- _INSTRUCTIONS TO FOLLOW_:
Take the entries below and print only the lines from the one with "250 million without" through the one with "처음에는 for문으로 시도했는데", exactly as they stand, both ends included.

- _RECORDS TO PROCESS_:
= Beginning of Section =
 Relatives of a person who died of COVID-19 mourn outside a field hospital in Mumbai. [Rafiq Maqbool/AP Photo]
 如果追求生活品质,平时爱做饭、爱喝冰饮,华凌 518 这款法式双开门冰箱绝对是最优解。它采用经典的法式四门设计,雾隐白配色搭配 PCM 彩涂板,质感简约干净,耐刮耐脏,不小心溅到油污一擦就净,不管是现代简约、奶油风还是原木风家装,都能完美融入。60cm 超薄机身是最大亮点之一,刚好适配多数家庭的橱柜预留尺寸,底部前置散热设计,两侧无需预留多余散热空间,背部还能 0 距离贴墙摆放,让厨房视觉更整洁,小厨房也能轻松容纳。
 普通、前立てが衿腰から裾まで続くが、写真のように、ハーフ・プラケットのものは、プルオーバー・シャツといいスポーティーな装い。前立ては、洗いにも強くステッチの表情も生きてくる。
= End of Section =
= Beginning of Section =
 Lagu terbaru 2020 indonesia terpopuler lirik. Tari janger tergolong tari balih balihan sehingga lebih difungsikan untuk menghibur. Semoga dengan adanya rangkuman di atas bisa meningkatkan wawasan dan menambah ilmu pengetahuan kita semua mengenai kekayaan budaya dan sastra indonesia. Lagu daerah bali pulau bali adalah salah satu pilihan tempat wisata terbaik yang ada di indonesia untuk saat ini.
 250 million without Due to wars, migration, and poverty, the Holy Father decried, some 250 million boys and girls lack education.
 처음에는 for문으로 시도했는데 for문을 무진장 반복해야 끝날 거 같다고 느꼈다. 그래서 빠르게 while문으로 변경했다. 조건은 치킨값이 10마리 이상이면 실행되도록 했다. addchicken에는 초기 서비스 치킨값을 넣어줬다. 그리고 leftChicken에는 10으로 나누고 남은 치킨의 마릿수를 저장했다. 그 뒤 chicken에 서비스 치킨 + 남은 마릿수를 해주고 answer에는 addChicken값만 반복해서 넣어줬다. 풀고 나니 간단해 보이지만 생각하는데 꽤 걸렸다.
= End of Section =
- _RESPONSE FOR THIS EXERCISE_:
 250 million without Due to wars, migration, and poverty, the Holy Father decried, some 250 million boys and girls lack education.
 처음에는 for문으로 시도했는데 for문을 무진장 반복해야 끝날 거 같다고 느꼈다. 그래서 빠르게 while문으로 변경했다. 조건은 치킨값이 10마리 이상이면 실행되도록 했다. addchicken에는 초기 서비스 치킨값을 넣어줬다. 그리고 leftChicken에는 10으로 나누고 남은 치킨의 마릿수를 저장했다. 그 뒤 chicken에 서비스 치킨 + 남은 마릿수를 해주고 answer에는 addChicken값만 반복해서 넣어줬다. 풀고 나니 간단해 보이지만 생각하는데 꽤 걸렸다.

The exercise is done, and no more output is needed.